Setting up GOOGLE_JSON environment variable

After filling in all fields, click “Create,” “Next,” and finally, “Connect.” Your workspace session will restart, and GOOGLE_JSON will now be available as an environment variable in your workspace. You can verify this by creating a Python cell with the following code and running it:

import os
google_json = os.environ["GOOGLE_JSON"]

If you want to reuse the same services account credentials in another workspace, you don’t need to set up the environment variable again: you can reuse the environment variable in other workspaces.

5. Read Google Sheets Data

Now for the fun part: writing Python code to connect to the Google Sheets data.

Install and import the right packages

Start by installing and importing all the packages required to set up a connection to your Google API account.
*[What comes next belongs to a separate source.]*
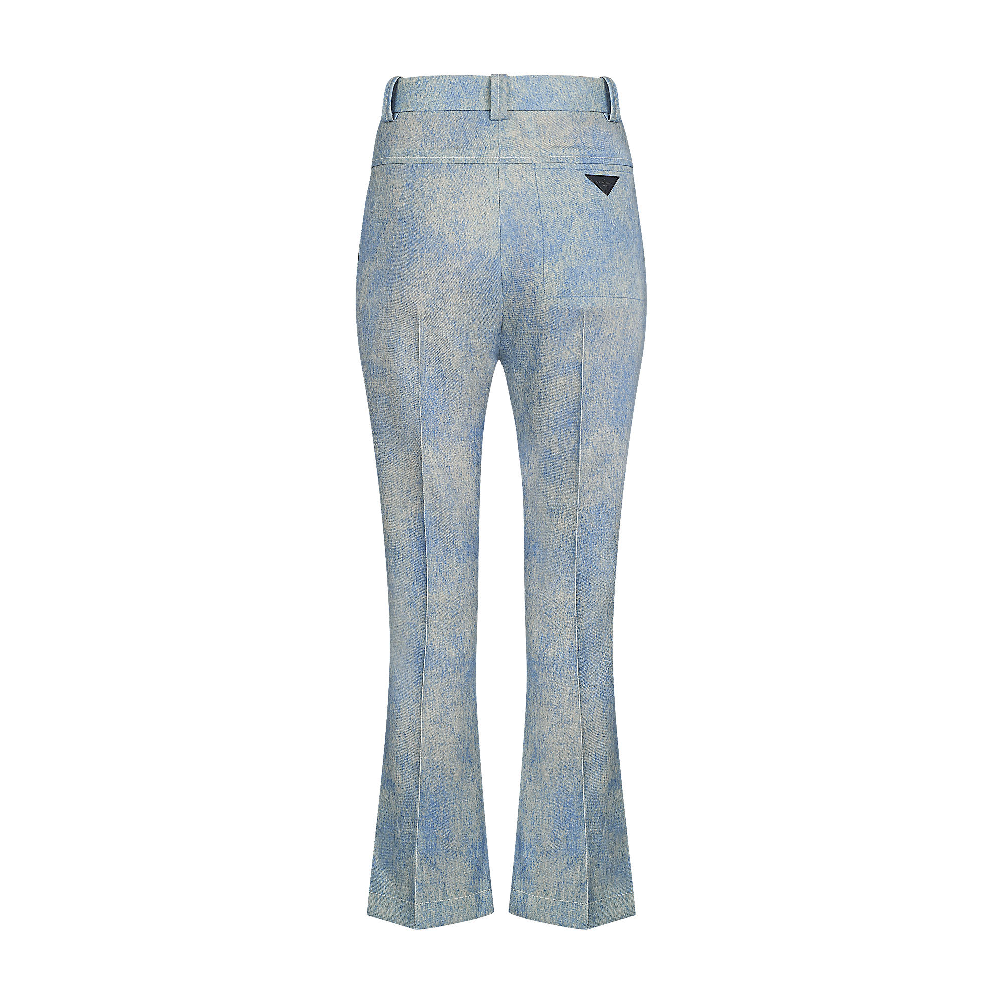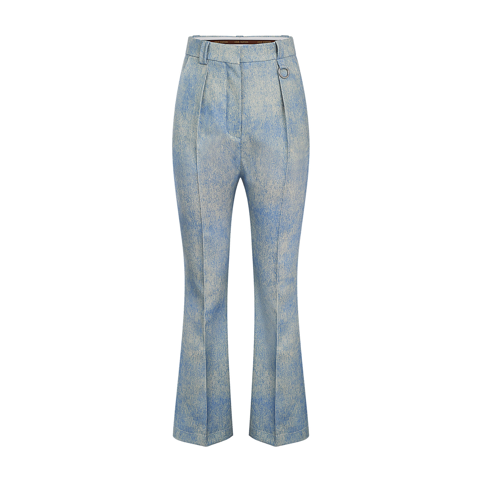 Featuring a low crotch, flared leg and cropped length, this new pant silhouette offers Nicolas Ghesquière’s reinterpretation of denim with a luxury twist. Made by printing denim wash onto a wool twill base, it includes this season’s new embossed Louis Vuitton triangle leather patch on the back pocket.

We’ll be using google-auth to authenticate against the Google API, gspread to easily interface with Google spreadsheets, and pandas to manipulate tabular data in Python.

!pip install gspread
from google.oauth2 import service_account
import pandas as pd
import gspread
import json
import os

Set up a client with scoped credentials

Load the GOOGLE_JSON environment variable and store it in a variable:

import os
google_json = os.environ["GOOGLE_JSON"]

Create a credentials object from the service account credentials json:

service_account_info = json.loads(google_json)
credentials = service_account.Credentials.from_service_account_info(service_account_info)

Assign the right ‘API scope’ to the credentials so that it has the right permissions to interface with the Google Sheet spreadsheet:

scope = ['','']
creds_with_scope = credentials.with_scopes(scope)

Create a new client with these scoped credentials:

client = gspread.authorize(creds_with_scope)

Read spreadsheets data into a DataFrame

With the client ready, we can read the data from the spreadsheet created in the first section of this article into a pandas DataFrame. A pandas DataFrame is a table-like data structure that you can use in Python to store and manipulate data.

First, create a new sheet instance from a spreadsheet URL:

spreadsheet = client.open_by_url('')

Next, zoom in on the worksheet (the tab in the Google spreadsheet) you want to get the data from. Let’s get the first workspace using the index 0:

worksheet = spreadsheet.get_worksheet(0)

First, get all the records as a JSON:

records_data = worksheet.get_all_records()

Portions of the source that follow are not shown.